In a world dominated by smartphones, it looks like classic flip-phones are still relevant, at least in Japan.
According to a report from Reuters, Japanese shipments of traditional flip-phones rose in 2014, for the first time after seven years, while smartphone shipments took the opposite path.
The data gathered by MM Research Institute Ltd. mentioned in the report shows that flip-phone shipments rose 5.7 percent, which equates to 10.58 million. On the other hand, shipments for smartphones were down for the second year in a row, falling 5.3 percent, to 27.70 million.

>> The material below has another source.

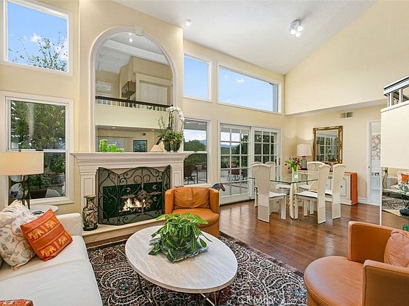 Come home to your resort-like retreat in one of Irvine’s most desirable neighborhoods. Step out onto your large terrace and take in the breathtaking views of the mountains, lake and Strawberry Farms Golf Club. Relax, listen and watch nature pass by. Close and open your eyes and you will think you are in Tuscany. Situated on a short cul-de-sac, your home looks out to open landscaped mature trees and plantings. You are a quick stroll over to the secluded pool and spa. Step through your double door entry and delight in the hardwood floors covering the entire first floor and staircase. Cathedral ceilings and recessed lighting are additional features. The dramatic living room includes an impressive fireplace and mantle topped by a designer mirror. Adjoining the living room is the dining room area. Both have floor-to-ceiling windows with views to the terrace and beyond—and plenty of natural light! Off the entry is a guest bath; turn the other direction and pass by a built-in bar and a laundry room. A custom-designed glass barn door leads you to a totally remodeled kitchen with top-of-the-line appliances, a farm sink, and a breakfast room with direct access to the terrace and views of the garden and beyond. This spacious 2 bedroom and 2.5 bath home has an open second-floor area that can be used as a den/office. It comes with custom California Closet built-in his/her desks and wall-to-wall bookshelves, The primary and guest bathrooms are en suite and have been remodeled and include California Closet systems. The primary bath has a skylight and the guest bath features a large fan-designed window to allow plenty of outside light. All upstairs rooms have plantation shutters and carpet. The primary suite also has dramatic views of the mountains and the water. Sit back, read a book and enjoy the views! The 2-car attached garage has epoxy flooring and custom designed California Cabinets throughout for extra storage. Close to the UC Irvine campus, top-rated Irvine schools, Newport Beach and the Pacific Ocean. Healthcare, libraries, recreation, cultural and shopping destinations are all near as is major freeway access and The Toll Roads.

The telecommunication ministry also stated that people in Japan pay one of the highest smartphone fees among developed countries, while flip-phone rates account for the lowest. Additionally, there are reportedly many Japanese people, already accustomed to years of deflation, who are content with using flip-phones, which offer essential services like calls, texts, emails, and basic Internet access, which can be enough for many.
Lastly, the research institute emphasized that with Japan's mobile penetration rate of 98.5 percent, mobile growth in Japan has little area for remarkable overall growth. According to Hideaki Yokota, MM Research executive analyst:
"Smartphones are also peaking in terms of functionality and they tend to last a long time as well, so there are fewer renewals."
He also said that flip-phones had a strong renewal year for the devices' subscription cycle, implying that the reported growth might not repeat this year.